**What the exercise asks:** Each entry below must be written out exactly, with pictures left out.
>>>>
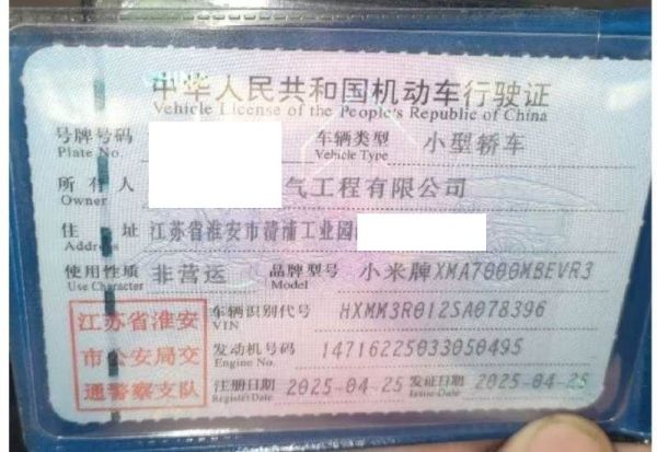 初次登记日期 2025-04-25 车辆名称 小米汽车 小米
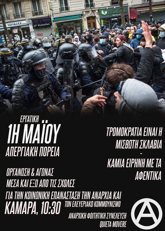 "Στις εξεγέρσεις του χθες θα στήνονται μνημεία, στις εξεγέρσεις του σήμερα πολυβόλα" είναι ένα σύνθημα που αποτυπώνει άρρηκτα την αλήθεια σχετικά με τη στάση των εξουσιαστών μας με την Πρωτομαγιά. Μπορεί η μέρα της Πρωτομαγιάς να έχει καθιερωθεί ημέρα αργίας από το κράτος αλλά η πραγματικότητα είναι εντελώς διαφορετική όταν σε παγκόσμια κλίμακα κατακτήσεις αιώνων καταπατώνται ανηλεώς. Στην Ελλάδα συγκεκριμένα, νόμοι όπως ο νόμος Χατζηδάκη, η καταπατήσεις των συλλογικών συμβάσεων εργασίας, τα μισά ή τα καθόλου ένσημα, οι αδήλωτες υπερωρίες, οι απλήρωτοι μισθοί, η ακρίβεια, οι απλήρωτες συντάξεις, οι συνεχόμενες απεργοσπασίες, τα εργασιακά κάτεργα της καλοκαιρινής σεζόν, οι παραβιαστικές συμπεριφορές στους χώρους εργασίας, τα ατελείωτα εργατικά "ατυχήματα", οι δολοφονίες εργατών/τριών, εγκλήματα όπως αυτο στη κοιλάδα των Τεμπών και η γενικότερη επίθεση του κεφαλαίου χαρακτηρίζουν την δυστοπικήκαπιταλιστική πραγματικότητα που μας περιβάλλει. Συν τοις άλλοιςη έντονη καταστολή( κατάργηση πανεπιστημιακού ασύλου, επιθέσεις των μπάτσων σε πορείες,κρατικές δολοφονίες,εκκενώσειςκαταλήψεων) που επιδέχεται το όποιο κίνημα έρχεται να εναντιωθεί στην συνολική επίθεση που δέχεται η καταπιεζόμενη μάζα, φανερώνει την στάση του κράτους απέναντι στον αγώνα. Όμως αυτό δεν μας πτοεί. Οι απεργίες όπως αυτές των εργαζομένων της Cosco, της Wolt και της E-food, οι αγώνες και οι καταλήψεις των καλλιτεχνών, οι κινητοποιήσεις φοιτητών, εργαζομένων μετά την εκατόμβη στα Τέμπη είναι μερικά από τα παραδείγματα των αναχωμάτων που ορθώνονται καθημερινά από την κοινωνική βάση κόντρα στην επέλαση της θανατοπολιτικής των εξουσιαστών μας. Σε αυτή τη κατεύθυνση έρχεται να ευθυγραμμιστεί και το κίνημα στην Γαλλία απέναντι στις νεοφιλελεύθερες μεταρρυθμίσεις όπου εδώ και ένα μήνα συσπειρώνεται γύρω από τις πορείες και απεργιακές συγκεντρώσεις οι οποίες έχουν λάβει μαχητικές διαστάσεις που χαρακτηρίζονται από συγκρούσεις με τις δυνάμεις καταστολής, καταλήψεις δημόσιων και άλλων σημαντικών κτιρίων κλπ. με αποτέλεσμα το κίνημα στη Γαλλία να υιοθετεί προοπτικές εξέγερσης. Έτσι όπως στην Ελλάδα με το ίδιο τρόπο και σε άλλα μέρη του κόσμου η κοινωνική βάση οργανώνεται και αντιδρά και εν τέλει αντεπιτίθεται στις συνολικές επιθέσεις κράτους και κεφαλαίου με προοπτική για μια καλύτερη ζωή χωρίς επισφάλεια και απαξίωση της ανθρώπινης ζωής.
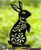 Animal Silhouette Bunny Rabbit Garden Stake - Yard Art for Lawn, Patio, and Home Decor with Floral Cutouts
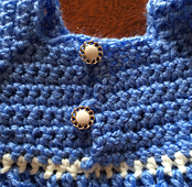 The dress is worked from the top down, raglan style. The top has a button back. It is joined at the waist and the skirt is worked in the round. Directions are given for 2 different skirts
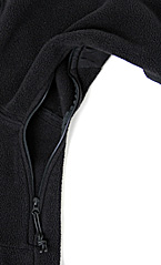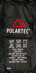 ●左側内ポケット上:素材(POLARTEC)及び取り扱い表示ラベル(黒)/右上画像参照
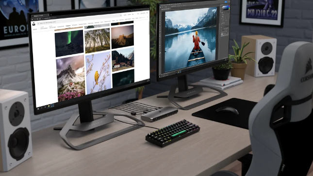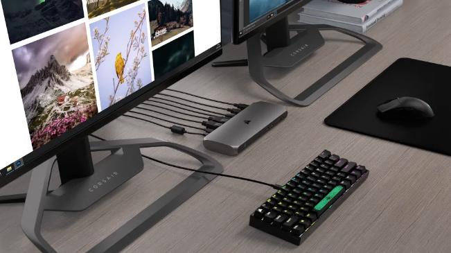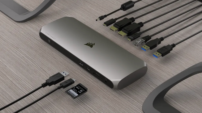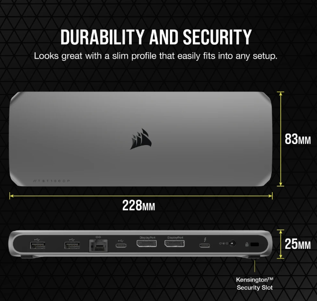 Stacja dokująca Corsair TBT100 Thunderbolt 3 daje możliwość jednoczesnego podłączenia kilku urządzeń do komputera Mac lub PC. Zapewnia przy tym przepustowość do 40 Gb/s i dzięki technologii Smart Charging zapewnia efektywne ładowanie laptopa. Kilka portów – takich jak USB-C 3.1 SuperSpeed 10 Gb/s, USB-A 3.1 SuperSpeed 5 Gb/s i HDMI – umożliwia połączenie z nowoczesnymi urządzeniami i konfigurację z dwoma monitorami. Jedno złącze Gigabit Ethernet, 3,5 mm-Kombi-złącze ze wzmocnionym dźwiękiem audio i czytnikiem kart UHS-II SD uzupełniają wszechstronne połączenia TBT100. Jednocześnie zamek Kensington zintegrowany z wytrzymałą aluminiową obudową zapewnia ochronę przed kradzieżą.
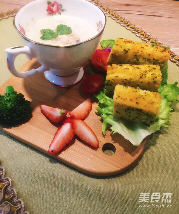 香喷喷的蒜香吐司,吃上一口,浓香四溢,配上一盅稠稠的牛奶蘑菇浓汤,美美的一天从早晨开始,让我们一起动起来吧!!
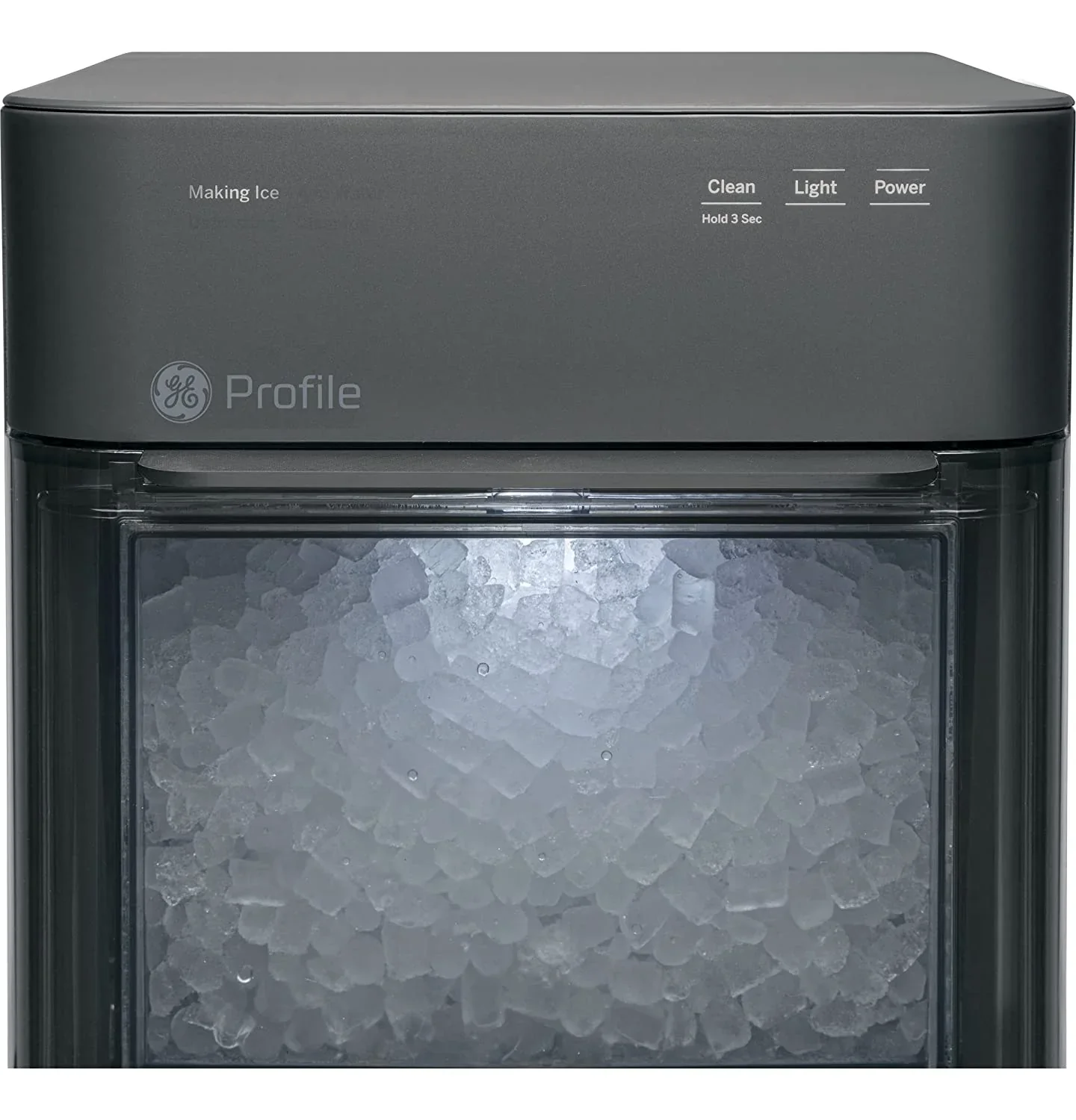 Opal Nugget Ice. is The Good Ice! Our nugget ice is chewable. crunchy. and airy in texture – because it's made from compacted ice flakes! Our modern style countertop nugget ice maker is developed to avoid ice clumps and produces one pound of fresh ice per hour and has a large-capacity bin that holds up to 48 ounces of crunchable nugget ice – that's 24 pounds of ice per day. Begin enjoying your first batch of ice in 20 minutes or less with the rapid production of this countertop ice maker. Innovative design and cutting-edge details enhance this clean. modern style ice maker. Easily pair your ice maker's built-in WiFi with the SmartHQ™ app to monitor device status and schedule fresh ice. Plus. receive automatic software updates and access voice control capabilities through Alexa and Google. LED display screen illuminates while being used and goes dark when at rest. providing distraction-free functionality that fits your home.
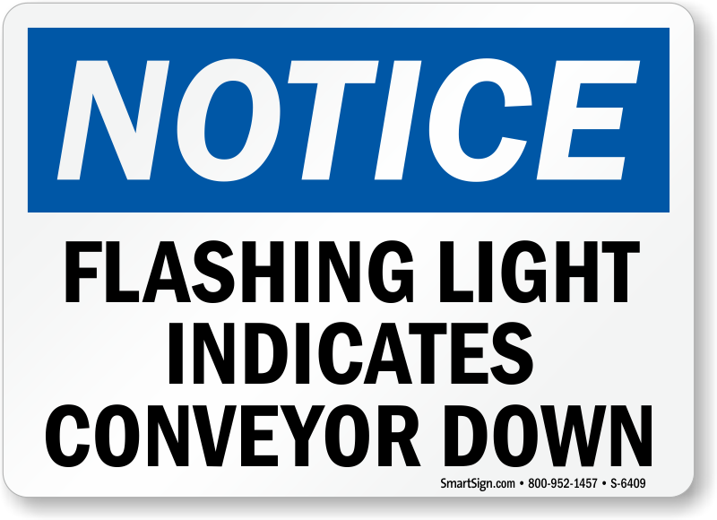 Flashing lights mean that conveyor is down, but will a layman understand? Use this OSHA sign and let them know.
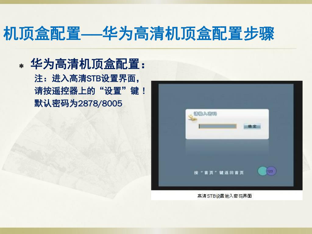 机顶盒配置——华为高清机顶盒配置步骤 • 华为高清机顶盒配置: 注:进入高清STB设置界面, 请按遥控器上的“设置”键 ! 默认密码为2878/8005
<<<<
**Reply:**
 初次登记日期 2025-04-25 车辆名称 小米汽车 小米
 "Στις εξεγέρσεις του χθες θα στήνονται μνημεία, στις εξεγέρσεις του σήμερα πολυβόλα" είναι ένα σύνθημα που αποτυπώνει άρρηκτα την αλήθεια σχετικά με τη στάση των εξουσιαστών μας με την Πρωτομαγιά. Μπορεί η μέρα της Πρωτομαγιάς να έχει καθιερωθεί ημέρα αργίας από το κράτος αλλά η πραγματικότητα είναι εντελώς διαφορετική όταν σε παγκόσμια κλίμακα κατακτήσεις αιώνων καταπατώνται ανηλεώς. Στην Ελλάδα συγκεκριμένα, νόμοι όπως ο νόμος Χατζηδάκη, η καταπατήσεις των συλλογικών συμβάσεων εργασίας, τα μισά ή τα καθόλου ένσημα, οι αδήλωτες υπερωρίες, οι απλήρωτοι μισθοί, η ακρίβεια, οι απλήρωτες συντάξεις, οι συνεχόμενες απεργοσπασίες, τα εργασιακά κάτεργα της καλοκαιρινής σεζόν, οι παραβιαστικές συμπεριφορές στους χώρους εργασίας, τα ατελείωτα εργατικά "ατυχήματα", οι δολοφονίες εργατών/τριών, εγκλήματα όπως αυτο στη κοιλάδα των Τεμπών και η γενικότερη επίθεση του κεφαλαίου χαρακτηρίζουν την δυστοπικήκαπιταλιστική πραγματικότητα που μας περιβάλλει. Συν τοις άλλοιςη έντονη καταστολή( κατάργηση πανεπιστημιακού ασύλου, επιθέσεις των μπάτσων σε πορείες,κρατικές δολοφονίες,εκκενώσειςκαταλήψεων) που επιδέχεται το όποιο κίνημα έρχεται να εναντιωθεί στην συνολική επίθεση που δέχεται η καταπιεζόμενη μάζα, φανερώνει την στάση του κράτους απέναντι στον αγώνα. Όμως αυτό δεν μας πτοεί. Οι απεργίες όπως αυτές των εργαζομένων της Cosco, της Wolt και της E-food, οι αγώνες και οι καταλήψεις των καλλιτεχνών, οι κινητοποιήσεις φοιτητών, εργαζομένων μετά την εκατόμβη στα Τέμπη είναι μερικά από τα παραδείγματα των αναχωμάτων που ορθώνονται καθημερινά από την κοινωνική βάση κόντρα στην επέλαση της θανατοπολιτικής των εξουσιαστών μας. Σε αυτή τη κατεύθυνση έρχεται να ευθυγραμμιστεί και το κίνημα στην Γαλλία απέναντι στις νεοφιλελεύθερες μεταρρυθμίσεις όπου εδώ και ένα μήνα συσπειρώνεται γύρω από τις πορείες και απεργιακές συγκεντρώσεις οι οποίες έχουν λάβει μαχητικές διαστάσεις που χαρακτηρίζονται από συγκρούσεις με τις δυνάμεις καταστολής, καταλήψεις δημόσιων και άλλων σημαντικών κτιρίων κλπ. με αποτέλεσμα το κίνημα στη Γαλλία να υιοθετεί προοπτικές εξέγερσης. Έτσι όπως στην Ελλάδα με το ίδιο τρόπο και σε άλλα μέρη του κόσμου η κοινωνική βάση οργανώνεται και αντιδρά και εν τέλει αντεπιτίθεται στις συνολικές επιθέσεις κράτους και κεφαλαίου με προοπτική για μια καλύτερη ζωή χωρίς επισφάλεια και απαξίωση της ανθρώπινης ζωής.
 Animal Silhouette Bunny Rabbit Garden Stake - Yard Art for Lawn, Patio, and Home Decor with Floral Cutouts
 The dress is worked from the top down, raglan style. The top has a button back. It is joined at the waist and the skirt is worked in the round. Directions are given for 2 different skirts
 ●左側内ポケット上:素材(POLARTEC)及び取り扱い表示ラベル(黒)/右上画像参照
 Stacja dokująca Corsair TBT100 Thunderbolt 3 daje możliwość jednoczesnego podłączenia kilku urządzeń do komputera Mac lub PC. Zapewnia przy tym przepustowość do 40 Gb/s i dzięki technologii Smart Charging zapewnia efektywne ładowanie laptopa. Kilka portów – takich jak USB-C 3.1 SuperSpeed 10 Gb/s, USB-A 3.1 SuperSpeed 5 Gb/s i HDMI – umożliwia połączenie z nowoczesnymi urządzeniami i konfigurację z dwoma monitorami. Jedno złącze Gigabit Ethernet, 3,5 mm-Kombi-złącze ze wzmocnionym dźwiękiem audio i czytnikiem kart UHS-II SD uzupełniają wszechstronne połączenia TBT100. Jednocześnie zamek Kensington zintegrowany z wytrzymałą aluminiową obudową zapewnia ochronę przed kradzieżą.
 香喷喷的蒜香吐司,吃上一口,浓香四溢,配上一盅稠稠的牛奶蘑菇浓汤,美美的一天从早晨开始,让我们一起动起来吧!!
 Opal Nugget Ice. is The Good Ice! Our nugget ice is chewable. crunchy. and airy in texture – because it's made from compacted ice flakes! Our modern style countertop nugget ice maker is developed to avoid ice clumps and produces one pound of fresh ice per hour and has a large-capacity bin that holds up to 48 ounces of crunchable nugget ice – that's 24 pounds of ice per day. Begin enjoying your first batch of ice in 20 minutes or less with the rapid production of this countertop ice maker. Innovative design and cutting-edge details enhance this clean. modern style ice maker. Easily pair your ice maker's built-in WiFi with the SmartHQ™ app to monitor device status and schedule fresh ice. Plus. receive automatic software updates and access voice control capabilities through Alexa and Google. LED display screen illuminates while being used and goes dark when at rest. providing distraction-free functionality that fits your home.
 Flashing lights mean that conveyor is down, but will a layman understand? Use this OSHA sign and let them know.
 机顶盒配置——华为高清机顶盒配置步骤 • 华为高清机顶盒配置: 注:进入高清STB设置界面, 请按遥控器上的“设置”键 ! 默认密码为2878/8005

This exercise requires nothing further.